Task objective: Please output the listing that follows exactly, but keep all images out.

The data:
----
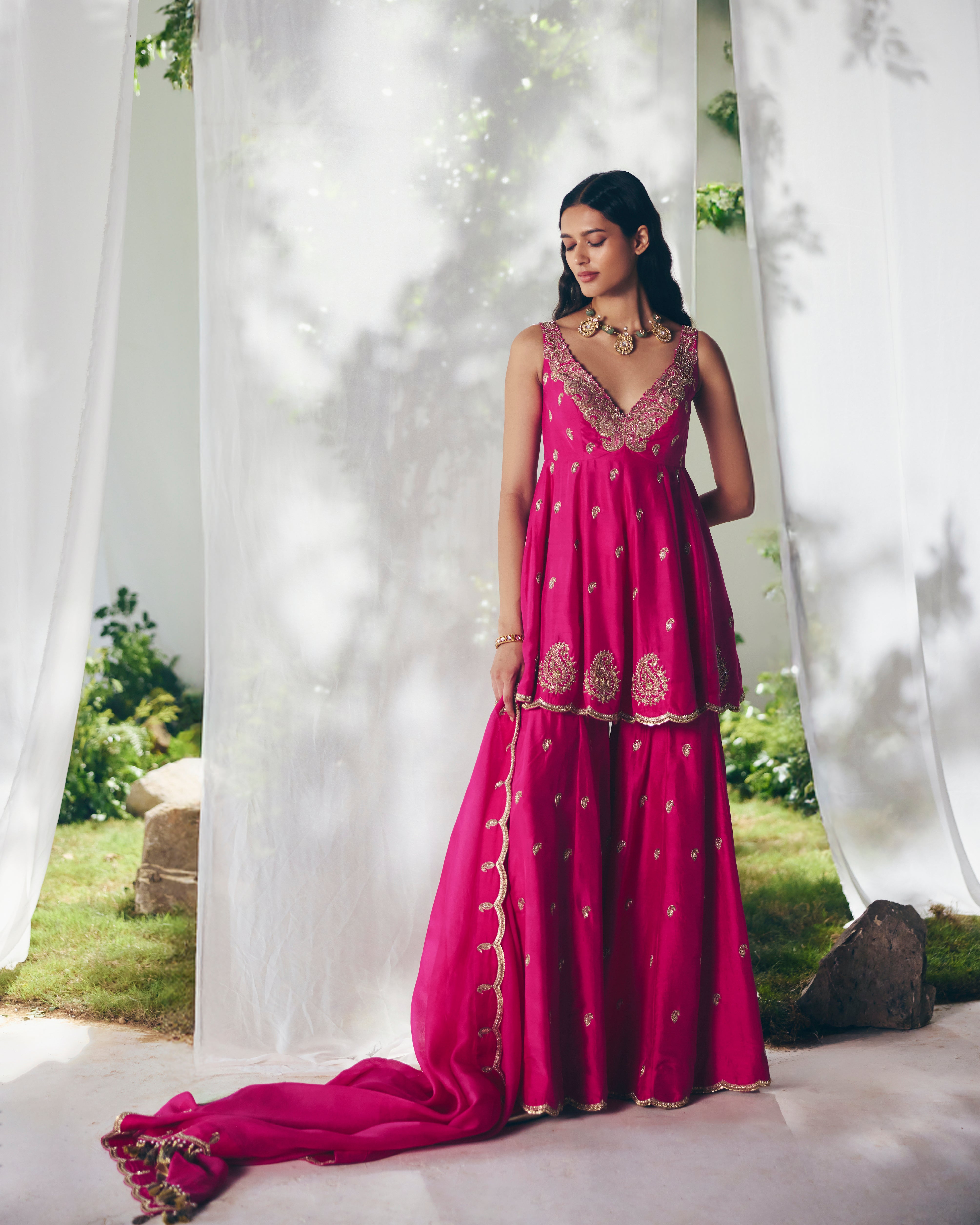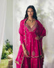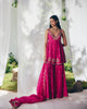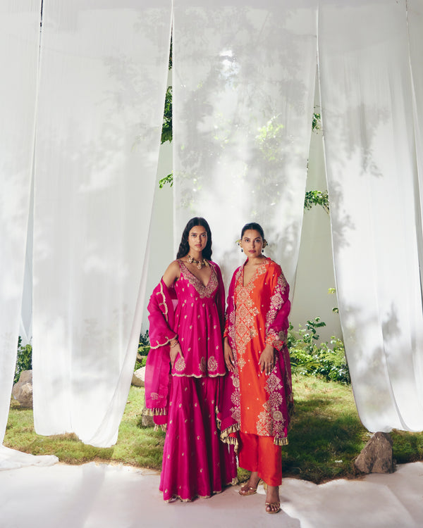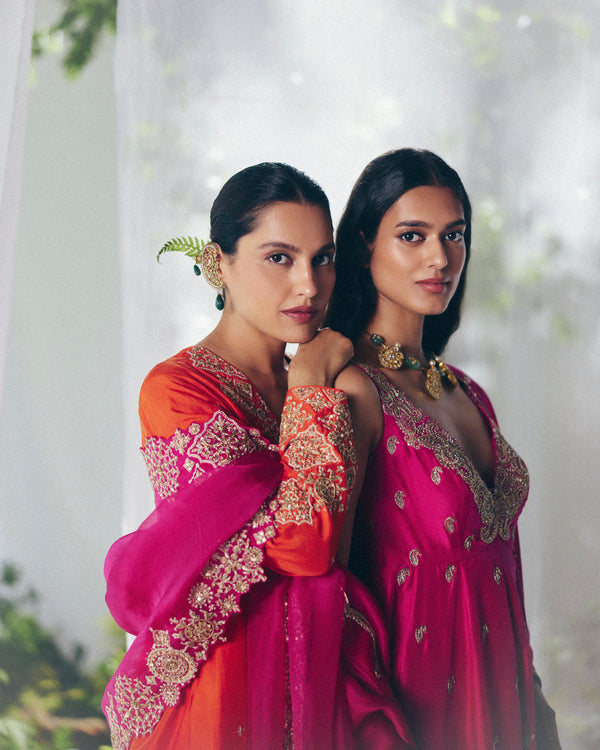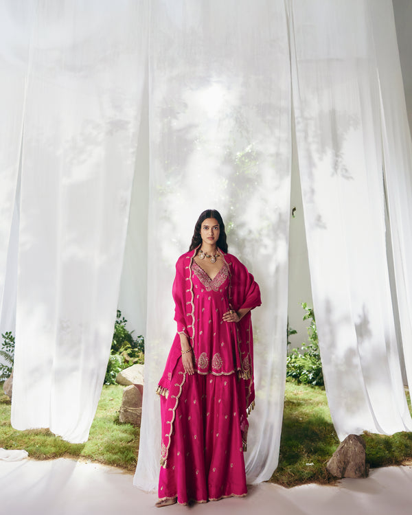 A silk pink short Anarkali adorned with an intricate zardozi border along the neckline, tiny paisley Butta scattered across and intricate paisley motifs along the hemline. Paired with sharara-style pants and an organza dupatta finished with an embroidered zardozi scalloped border, lined with tiny paisleys.
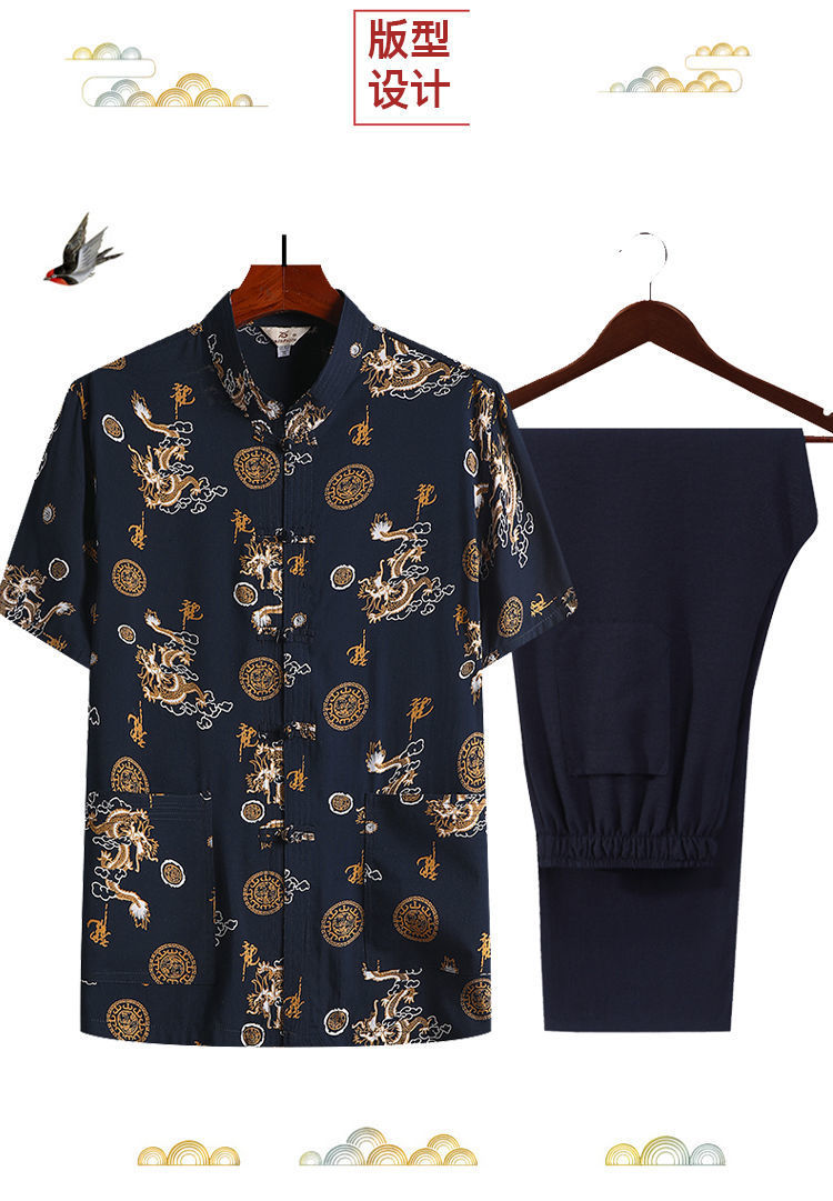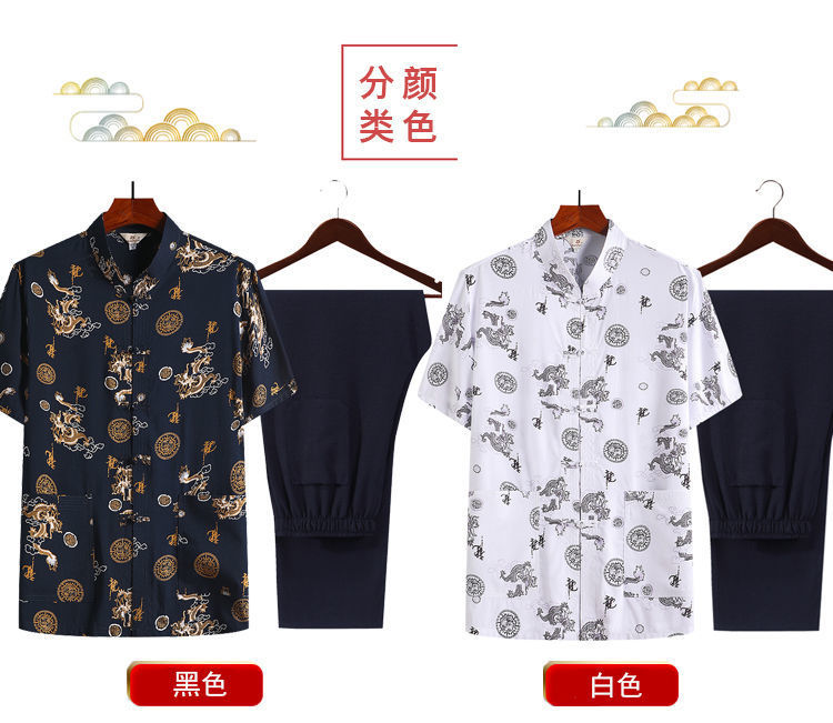 여름 중년 및 노인 남자의 면 실크 반팔 탑 탱 세트 얇은 마오 세트 반팔 남자의 느슨한 캐주얼 아빠의 여름 옷스토어 가기
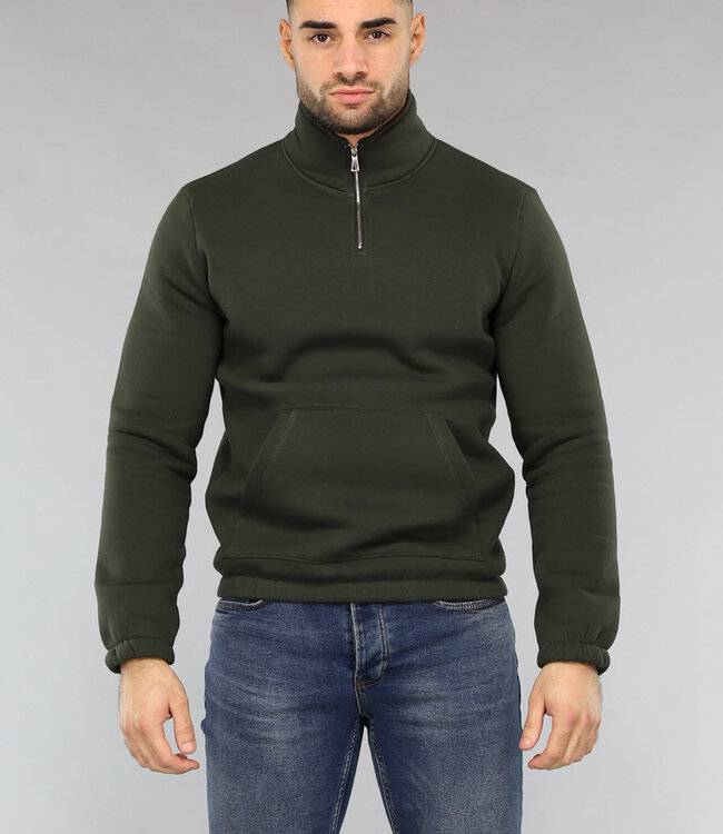 Deze fijne mannen trui is gemaakt van een stevige sweater stof. Egaal aan de buitenkant maar enorm warme fleece aan de binnenkant. De trui is aan de voorkant voorzien van een grote buidelzak. De uiteindes van de mouwen en de onderkant van de trui zijn voorzien van een elastische boorden. In de hals heeft de trui een kraag welke je kan omslaan, maar ook als een soort col kan dragen. Je kunt hiervoor de rits gebruiken om de kraag volledig naar wens af te stellen.
----
Exercise output:
 A silk pink short Anarkali adorned with an intricate zardozi border along the neckline, tiny paisley Butta scattered across and intricate paisley motifs along the hemline. Paired with sharara-style pants and an organza dupatta finished with an embroidered zardozi scalloped border, lined with tiny paisleys.
 여름 중년 및 노인 남자의 면 실크 반팔 탑 탱 세트 얇은 마오 세트 반팔 남자의 느슨한 캐주얼 아빠의 여름 옷스토어 가기
 Deze fijne mannen trui is gemaakt van een stevige sweater stof. Egaal aan de buitenkant maar enorm warme fleece aan de binnenkant. De trui is aan de voorkant voorzien van een grote buidelzak. De uiteindes van de mouwen en de onderkant van de trui zijn voorzien van een elastische boorden. In de hals heeft de trui een kraag welke je kan omslaan, maar ook als een soort col kan dragen. Je kunt hiervoor de rits gebruiken om de kraag volledig naar wens af te stellen.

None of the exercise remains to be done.